WHAT IS REQUIRED – Having located "The Dreidel Company", write out its line and the remaining lines of the material exactly, the last one included, but not the pictures.

[[ DATASET SECTION open ]]

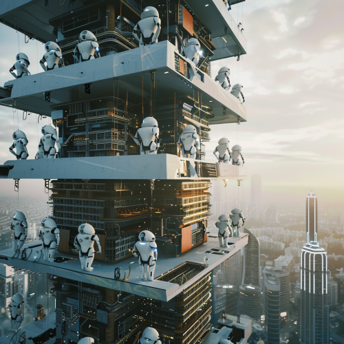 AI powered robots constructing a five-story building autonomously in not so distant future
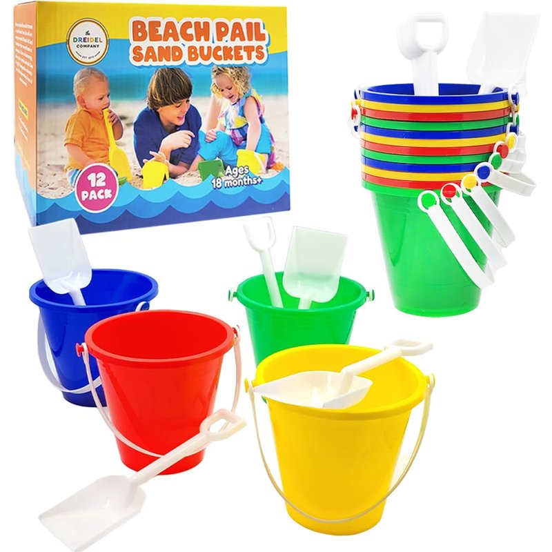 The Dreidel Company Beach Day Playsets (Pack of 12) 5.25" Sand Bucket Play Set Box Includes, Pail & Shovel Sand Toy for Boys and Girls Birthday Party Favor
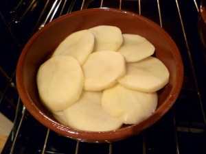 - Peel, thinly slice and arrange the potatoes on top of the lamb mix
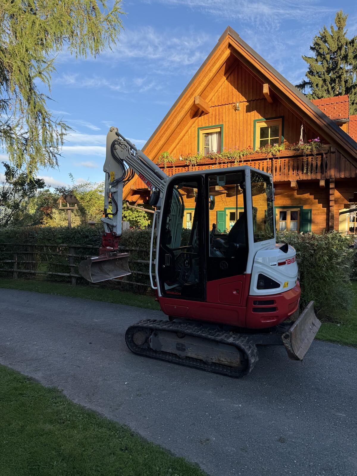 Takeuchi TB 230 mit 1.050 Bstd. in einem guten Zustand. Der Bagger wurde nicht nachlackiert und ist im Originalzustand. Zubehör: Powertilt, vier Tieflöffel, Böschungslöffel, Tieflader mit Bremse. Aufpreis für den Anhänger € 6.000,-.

[[ DATASET SECTION closed ]]

TASK RESPONSE –
 The Dreidel Company Beach Day Playsets (Pack of 12) 5.25" Sand Bucket Play Set Box Includes, Pail & Shovel Sand Toy for Boys and Girls Birthday Party Favor
 - Peel, thinly slice and arrange the potatoes on top of the lamb mix
 Takeuchi TB 230 mit 1.050 Bstd. in einem guten Zustand. Der Bagger wurde nicht nachlackiert und ist im Originalzustand. Zubehör: Powertilt, vier Tieflöffel, Böschungslöffel, Tieflader mit Bremse. Aufpreis für den Anhänger € 6.000,-.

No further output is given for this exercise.